ASSIGNMENT:
This task calls for the lines below starting at the one containing "Stylish dress with" and ending at the one containing "O Nó da Bruxa", repeated exactly with both ends kept and pictures left out.

EXTRACTED ENTRIES:
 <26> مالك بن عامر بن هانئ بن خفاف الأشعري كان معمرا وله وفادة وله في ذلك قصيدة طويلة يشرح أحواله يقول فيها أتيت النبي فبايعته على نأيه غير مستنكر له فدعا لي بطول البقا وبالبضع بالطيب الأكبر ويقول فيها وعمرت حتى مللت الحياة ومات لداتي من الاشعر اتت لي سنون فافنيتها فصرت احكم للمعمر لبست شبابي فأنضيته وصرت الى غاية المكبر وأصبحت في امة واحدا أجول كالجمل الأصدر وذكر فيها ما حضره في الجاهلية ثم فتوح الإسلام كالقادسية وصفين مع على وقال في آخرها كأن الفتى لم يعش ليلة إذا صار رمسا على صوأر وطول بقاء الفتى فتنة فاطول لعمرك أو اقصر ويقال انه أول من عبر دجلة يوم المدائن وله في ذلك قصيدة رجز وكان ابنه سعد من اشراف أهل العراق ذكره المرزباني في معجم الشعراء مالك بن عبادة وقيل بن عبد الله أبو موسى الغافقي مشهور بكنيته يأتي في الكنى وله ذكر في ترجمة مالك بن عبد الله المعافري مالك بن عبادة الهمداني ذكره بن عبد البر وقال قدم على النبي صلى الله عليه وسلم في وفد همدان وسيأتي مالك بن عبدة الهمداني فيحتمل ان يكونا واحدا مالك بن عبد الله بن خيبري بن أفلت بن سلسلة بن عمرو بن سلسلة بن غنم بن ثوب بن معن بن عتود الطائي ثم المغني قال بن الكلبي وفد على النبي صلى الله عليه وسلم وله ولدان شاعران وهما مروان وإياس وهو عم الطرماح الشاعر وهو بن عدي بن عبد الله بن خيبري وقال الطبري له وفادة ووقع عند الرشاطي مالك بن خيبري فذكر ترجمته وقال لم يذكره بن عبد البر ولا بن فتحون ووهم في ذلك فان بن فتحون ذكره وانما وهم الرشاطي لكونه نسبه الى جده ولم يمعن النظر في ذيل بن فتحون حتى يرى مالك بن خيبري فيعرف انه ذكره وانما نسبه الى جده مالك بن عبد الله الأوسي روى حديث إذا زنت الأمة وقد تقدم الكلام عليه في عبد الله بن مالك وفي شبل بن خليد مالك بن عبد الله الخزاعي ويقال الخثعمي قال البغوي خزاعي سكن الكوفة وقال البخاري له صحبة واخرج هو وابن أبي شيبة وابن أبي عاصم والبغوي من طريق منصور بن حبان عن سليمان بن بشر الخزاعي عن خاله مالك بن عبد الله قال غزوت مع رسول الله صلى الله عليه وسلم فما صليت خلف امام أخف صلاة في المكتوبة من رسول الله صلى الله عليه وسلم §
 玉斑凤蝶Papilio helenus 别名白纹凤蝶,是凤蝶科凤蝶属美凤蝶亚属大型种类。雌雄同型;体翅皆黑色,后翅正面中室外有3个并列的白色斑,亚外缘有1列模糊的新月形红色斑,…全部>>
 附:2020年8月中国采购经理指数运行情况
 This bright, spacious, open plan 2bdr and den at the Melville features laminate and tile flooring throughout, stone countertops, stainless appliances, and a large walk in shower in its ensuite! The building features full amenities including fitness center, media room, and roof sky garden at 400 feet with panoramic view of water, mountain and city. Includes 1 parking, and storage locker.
...
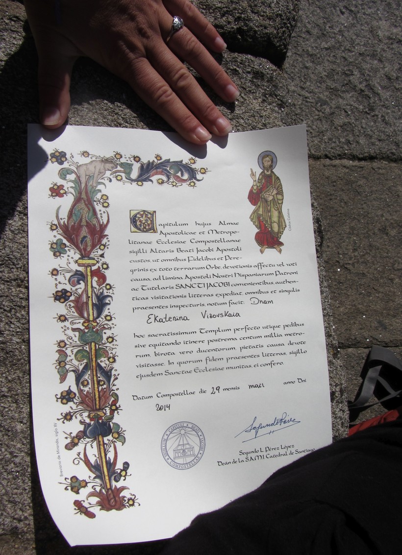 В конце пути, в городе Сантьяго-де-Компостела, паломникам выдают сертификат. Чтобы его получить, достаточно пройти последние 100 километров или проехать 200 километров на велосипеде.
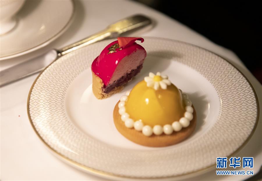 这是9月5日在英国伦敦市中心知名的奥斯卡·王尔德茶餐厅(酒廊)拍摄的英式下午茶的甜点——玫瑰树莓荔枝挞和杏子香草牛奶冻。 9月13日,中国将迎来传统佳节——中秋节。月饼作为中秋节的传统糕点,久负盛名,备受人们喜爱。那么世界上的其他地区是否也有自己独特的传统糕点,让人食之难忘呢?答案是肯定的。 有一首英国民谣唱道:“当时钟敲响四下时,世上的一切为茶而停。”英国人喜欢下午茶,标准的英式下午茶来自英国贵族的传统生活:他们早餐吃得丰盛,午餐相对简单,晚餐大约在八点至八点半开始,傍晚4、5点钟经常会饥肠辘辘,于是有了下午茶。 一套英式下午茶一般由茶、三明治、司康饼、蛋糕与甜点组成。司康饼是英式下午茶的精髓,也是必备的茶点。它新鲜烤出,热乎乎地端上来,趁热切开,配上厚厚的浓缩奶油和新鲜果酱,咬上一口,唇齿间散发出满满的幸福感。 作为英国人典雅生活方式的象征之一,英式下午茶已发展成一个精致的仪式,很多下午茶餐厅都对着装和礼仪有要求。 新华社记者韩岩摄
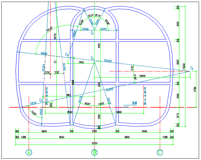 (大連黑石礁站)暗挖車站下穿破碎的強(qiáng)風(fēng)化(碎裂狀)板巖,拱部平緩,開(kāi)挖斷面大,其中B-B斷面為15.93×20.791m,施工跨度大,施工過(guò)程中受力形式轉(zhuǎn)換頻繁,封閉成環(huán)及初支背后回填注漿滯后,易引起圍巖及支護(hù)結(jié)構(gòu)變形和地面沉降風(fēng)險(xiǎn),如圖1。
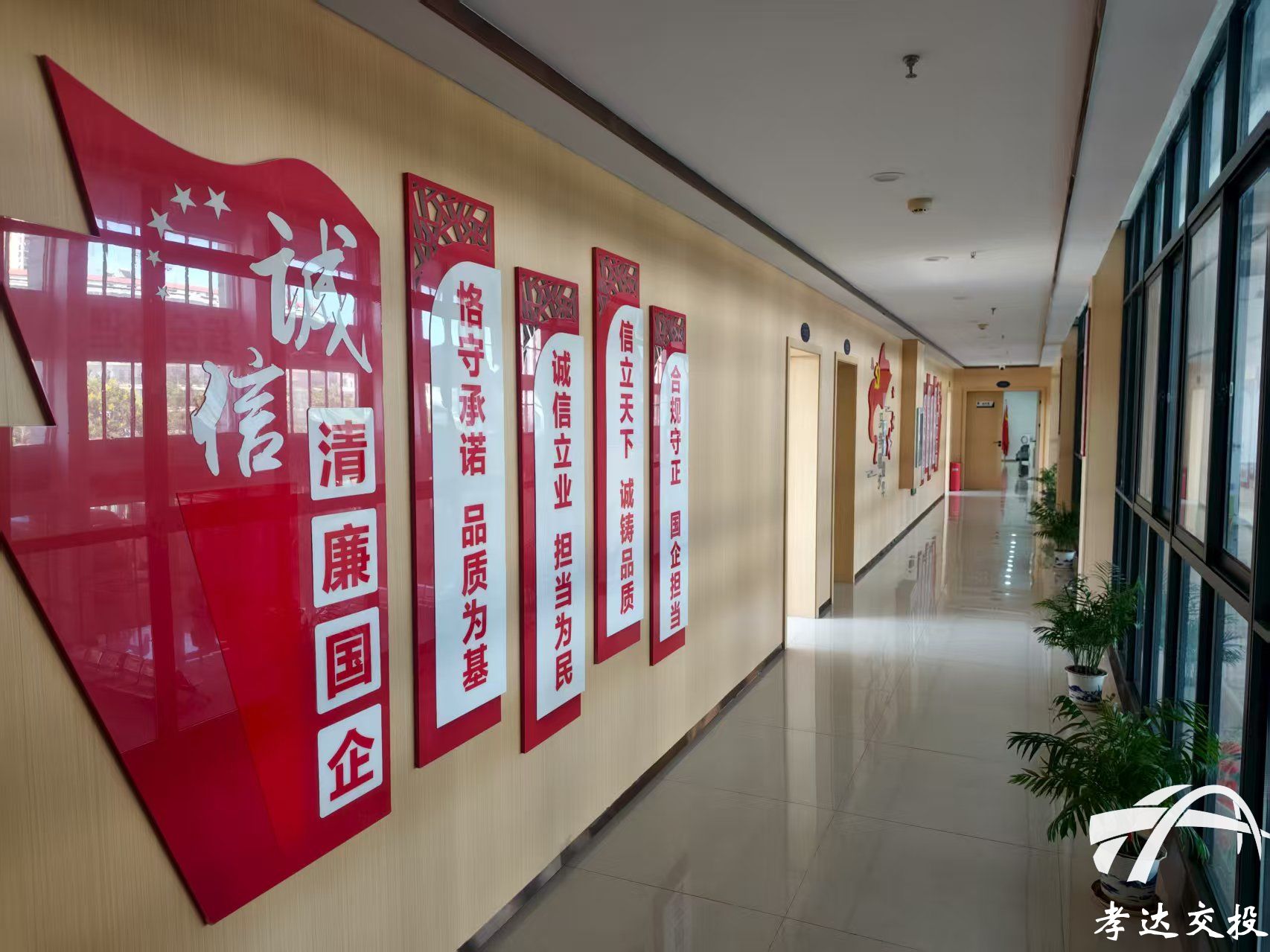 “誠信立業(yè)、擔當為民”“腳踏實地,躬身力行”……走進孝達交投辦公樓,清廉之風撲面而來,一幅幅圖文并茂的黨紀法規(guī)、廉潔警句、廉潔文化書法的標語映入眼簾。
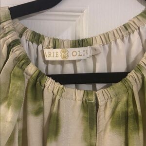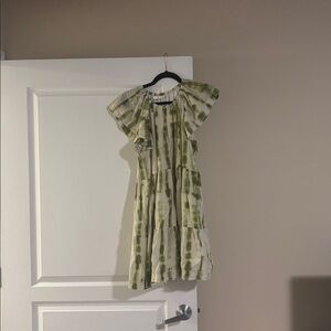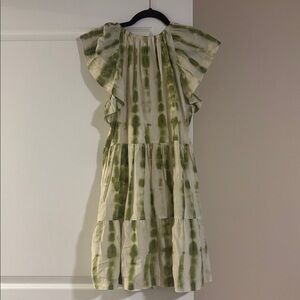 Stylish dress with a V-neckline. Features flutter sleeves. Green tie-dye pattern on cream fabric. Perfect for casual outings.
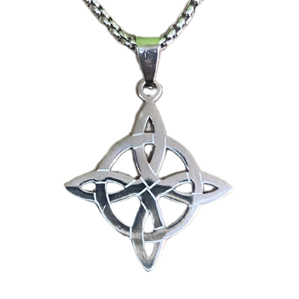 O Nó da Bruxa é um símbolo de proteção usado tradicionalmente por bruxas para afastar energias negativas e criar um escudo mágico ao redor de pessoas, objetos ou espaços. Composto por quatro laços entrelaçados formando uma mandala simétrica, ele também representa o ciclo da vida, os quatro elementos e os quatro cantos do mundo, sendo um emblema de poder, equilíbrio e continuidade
---
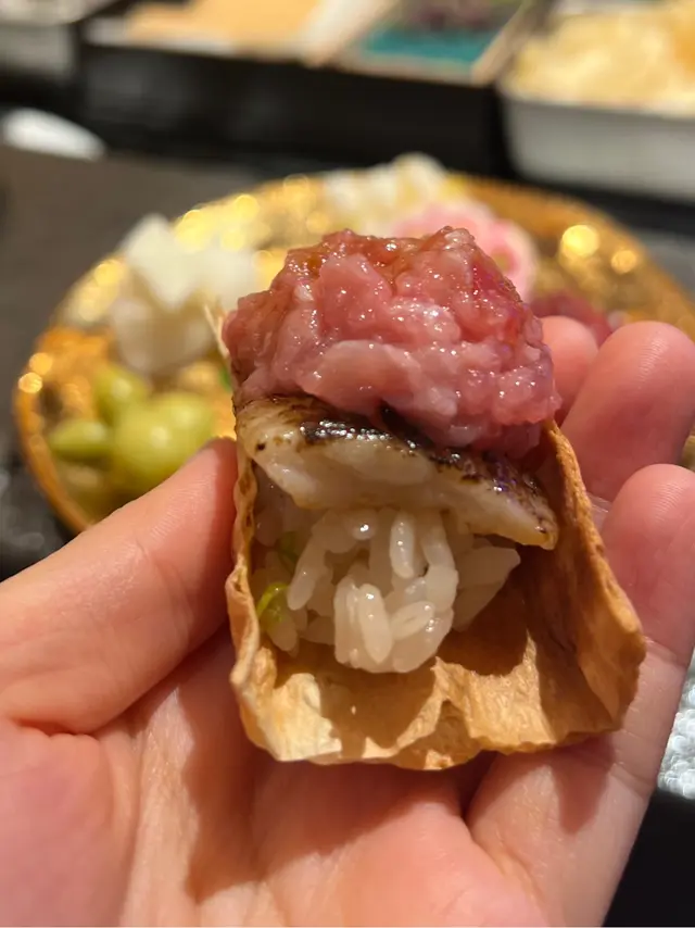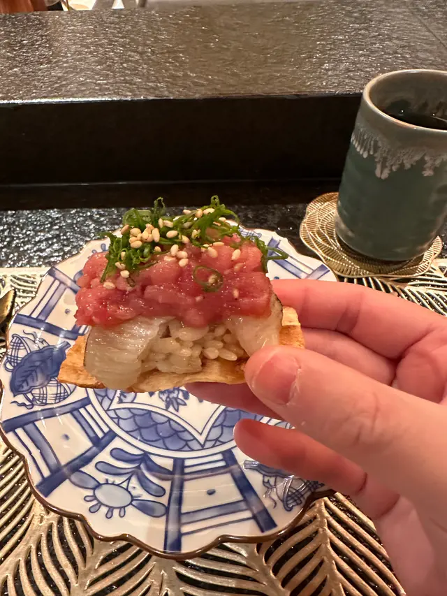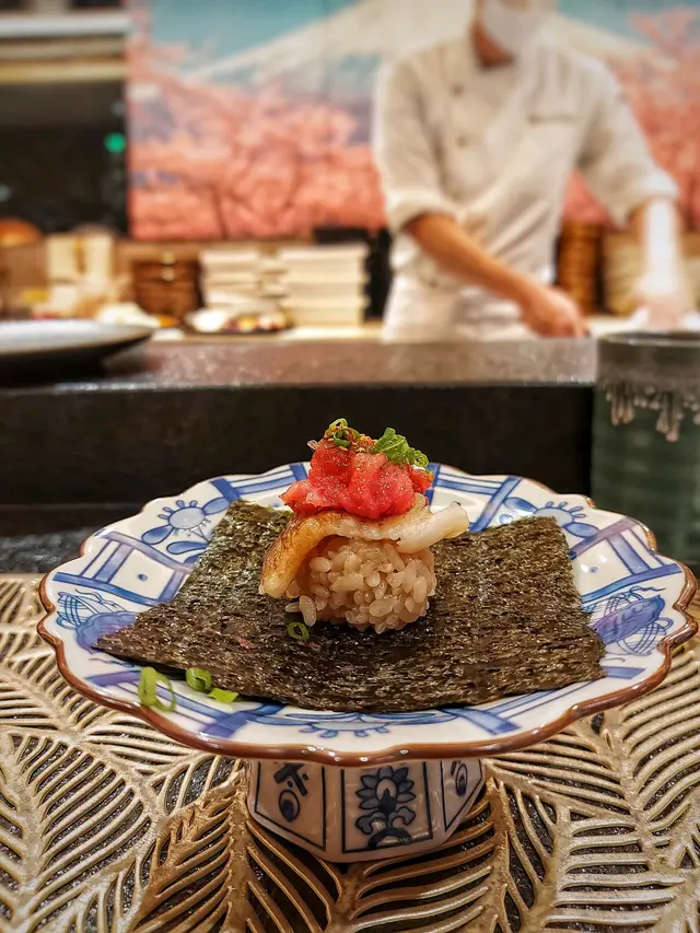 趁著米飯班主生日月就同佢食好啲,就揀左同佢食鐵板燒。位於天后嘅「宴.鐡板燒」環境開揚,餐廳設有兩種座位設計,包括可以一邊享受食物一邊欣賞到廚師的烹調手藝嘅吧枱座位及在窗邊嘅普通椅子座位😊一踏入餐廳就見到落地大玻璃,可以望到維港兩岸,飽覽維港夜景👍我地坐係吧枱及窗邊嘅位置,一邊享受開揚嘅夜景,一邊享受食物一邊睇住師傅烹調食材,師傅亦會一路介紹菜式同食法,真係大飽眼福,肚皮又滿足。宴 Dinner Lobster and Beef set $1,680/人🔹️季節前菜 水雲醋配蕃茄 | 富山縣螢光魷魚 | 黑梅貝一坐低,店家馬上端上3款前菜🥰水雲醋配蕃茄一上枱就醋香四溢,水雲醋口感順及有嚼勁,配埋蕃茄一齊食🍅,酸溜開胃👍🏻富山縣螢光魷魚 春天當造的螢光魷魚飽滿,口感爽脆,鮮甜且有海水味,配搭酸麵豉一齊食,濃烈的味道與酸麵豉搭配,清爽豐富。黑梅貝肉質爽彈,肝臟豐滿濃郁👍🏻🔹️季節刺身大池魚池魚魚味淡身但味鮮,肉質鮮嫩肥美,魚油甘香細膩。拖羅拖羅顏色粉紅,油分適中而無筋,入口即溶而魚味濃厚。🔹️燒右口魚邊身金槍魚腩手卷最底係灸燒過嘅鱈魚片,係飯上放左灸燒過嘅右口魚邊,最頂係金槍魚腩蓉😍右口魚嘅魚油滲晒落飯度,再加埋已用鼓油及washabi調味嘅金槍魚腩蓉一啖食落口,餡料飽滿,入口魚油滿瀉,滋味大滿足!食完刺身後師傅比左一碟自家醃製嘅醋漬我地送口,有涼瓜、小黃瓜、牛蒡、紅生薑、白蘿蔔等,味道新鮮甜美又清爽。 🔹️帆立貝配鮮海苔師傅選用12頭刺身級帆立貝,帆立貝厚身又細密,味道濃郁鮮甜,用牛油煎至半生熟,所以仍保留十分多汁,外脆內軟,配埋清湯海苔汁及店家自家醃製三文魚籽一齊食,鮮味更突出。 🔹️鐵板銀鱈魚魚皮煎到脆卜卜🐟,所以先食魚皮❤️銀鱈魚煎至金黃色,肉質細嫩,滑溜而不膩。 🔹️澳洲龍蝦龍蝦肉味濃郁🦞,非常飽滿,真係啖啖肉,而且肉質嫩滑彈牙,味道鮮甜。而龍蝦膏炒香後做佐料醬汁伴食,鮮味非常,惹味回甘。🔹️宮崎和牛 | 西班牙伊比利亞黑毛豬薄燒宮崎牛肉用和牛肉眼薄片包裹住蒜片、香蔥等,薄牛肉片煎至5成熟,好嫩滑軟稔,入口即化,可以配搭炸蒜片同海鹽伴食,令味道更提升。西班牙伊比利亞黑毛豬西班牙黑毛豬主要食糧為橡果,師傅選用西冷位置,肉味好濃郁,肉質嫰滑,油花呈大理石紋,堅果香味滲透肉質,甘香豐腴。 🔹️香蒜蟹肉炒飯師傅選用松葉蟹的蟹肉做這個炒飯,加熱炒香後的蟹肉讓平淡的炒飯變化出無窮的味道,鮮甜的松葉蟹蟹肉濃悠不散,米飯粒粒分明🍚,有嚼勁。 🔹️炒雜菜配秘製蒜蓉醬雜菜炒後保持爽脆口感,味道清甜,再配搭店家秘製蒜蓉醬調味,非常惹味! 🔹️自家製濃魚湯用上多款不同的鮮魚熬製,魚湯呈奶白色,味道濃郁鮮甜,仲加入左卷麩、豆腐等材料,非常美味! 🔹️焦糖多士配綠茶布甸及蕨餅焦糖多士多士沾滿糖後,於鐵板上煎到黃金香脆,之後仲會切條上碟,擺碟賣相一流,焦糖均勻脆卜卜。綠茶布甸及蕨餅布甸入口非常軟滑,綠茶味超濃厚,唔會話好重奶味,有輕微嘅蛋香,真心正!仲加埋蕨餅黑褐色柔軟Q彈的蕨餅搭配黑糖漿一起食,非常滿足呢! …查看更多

RESULT OF THE EXERCISE:
 Stylish dress with a V-neckline. Features flutter sleeves. Green tie-dye pattern on cream fabric. Perfect for casual outings.
 O Nó da Bruxa é um símbolo de proteção usado tradicionalmente por bruxas para afastar energias negativas e criar um escudo mágico ao redor de pessoas, objetos ou espaços. Composto por quatro laços entrelaçados formando uma mandala simétrica, ele também representa o ciclo da vida, os quatro elementos e os quatro cantos do mundo, sendo um emblema de poder, equilíbrio e continuidade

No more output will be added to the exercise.